### Types of Matrices

• Identify types of matrices such as Square, Diagonal, Scalar, Row, Column, Identity.

## Row Matrix

A matrix which has only one row.

$\mathrm{Example\ of\ Row\ Matrix} \large \begin{bmatrix} 2 & -6& 4 \end{bmatrix}$

## Column Matrix:

A matrix which has only one column.

$\mathrm{Example\ of\ Column\ Matrix} \large \begin{bmatrix} 3\\ 4\\ -1 \end{bmatrix}$

## Square Matrix:

A matrix having same no. of rows and columns.

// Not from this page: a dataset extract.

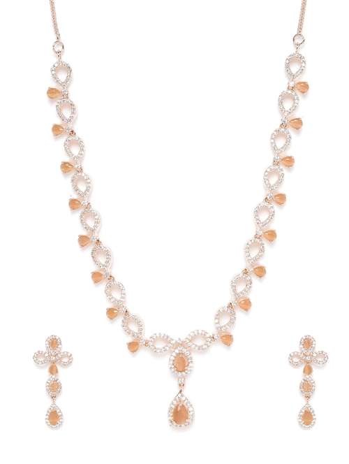 - » peach-colored rose gold-plated ad-studded handcrafted jewellery set

$\mathrm{Example\ of\ Square\ Matrix} \large \begin{bmatrix} 3 & 6 & 1\\ 4&5 & 2\\ 2& 0 & -2 \end{bmatrix}$

## Diagonal Matrix:

A square matrix where only diagonal elements are present, non-diagonal elements are zero.

$\mathrm{Example\ of\ Diagonal\ Matrix} \large \begin{bmatrix} 3 & 0 & 0\\ 0&5 & 0\\ 0& 0 & -2 \end{bmatrix}$

## Scalar Matrix:

Diagonal matrix where all diagonal elements are identical.

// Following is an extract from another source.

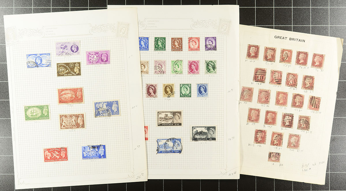 Collection remainders of mint and used Great Britain, Queen Victoria to the 1980's, containing many hundreds of stamps in several stock or album pages. This lot has a little bit of everything, including roughly 70 used Victorian issues (saw a small attempt plating Penny Reds), QEII Castle issues (from various years), mint and used singles, blocks, along with private perfins, officials, postage dues, and more, leaving potential better finds to the dedicated collector. A fun lot for the Great Britain enthusiast. Estimate =

$\mathrm{Example\ of\ Scalar\ Matrix} \large \begin{bmatrix} 3 & 0 & 0\\ 0&3 & 0\\ 0& 0 & 3 \end{bmatrix}$

## Identity Matrix:

Scalar Matrix where the diagonal elements are one.

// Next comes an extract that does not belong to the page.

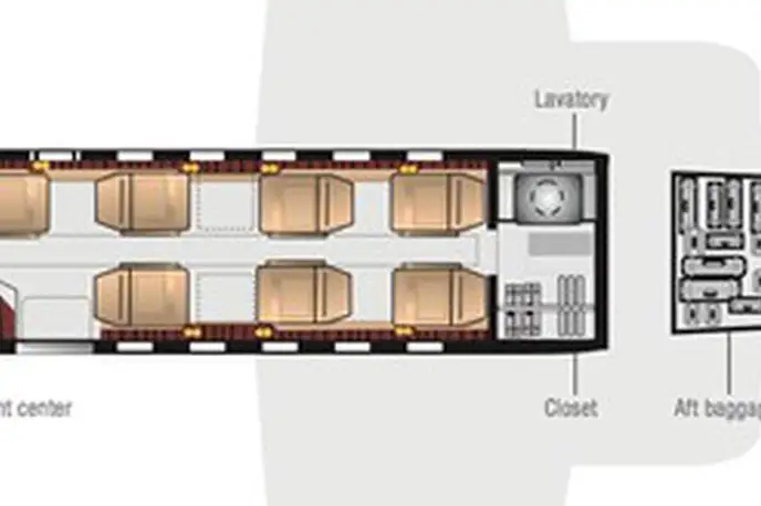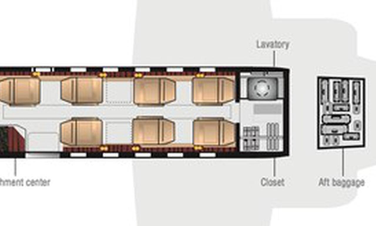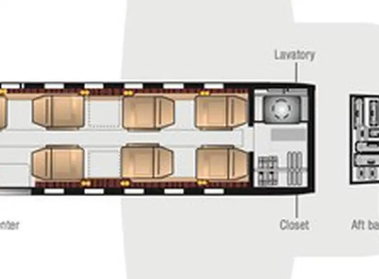 Citation Bravo N1000E accommodates up to 8 passengers. The baggage compartment volume of 2.07 m³ can hold up to 6 large suitcases . The maximum flight range reaches 3720 km, depending on payload and weather conditions.

$\mathrm{Example\ of\ Identity\ Matrix} \large \begin{bmatrix} 1 & 0 & 0\\ 0&1 & 0\\ 0& 0 & 1 \end{bmatrix}$

## Singular Matrix:

A Matrix whose determinant is equal to zero.

$\mathrm{Example\ of\ Singular\ Matrix} \large \begin{bmatrix} 2 & 3\\ -6 & -9 \end{bmatrix}$

### Solved Example:

#### 4-1-01

For which value of x will the matrix given below become singular? $\begin{bmatrix} 8 & x & 0\\ 4 & 0 & 2\\ 12 & 6 & 0 \end{bmatrix}$

Solution:
For singularity of the matrix, |A| = 0 $\begin{vmatrix} 8 & x & 0 \\ 4 & 0 & 2\\ 12 & 6 & 0 \end{vmatrix} = 0$ \begin{align*} 8[0 - 2 \times 6] - x[0 - 24] + 0[24 - 0] &= 0\\ 8 \times(- 12) + 24x &= 0\\ -96 + 24x &= 0 \\ x &= \dfrac{96}{24} = 4 \end{align*}

If $AA^T = I$ or $A^{-1} = A^T$, the matrix is called Orthogonal.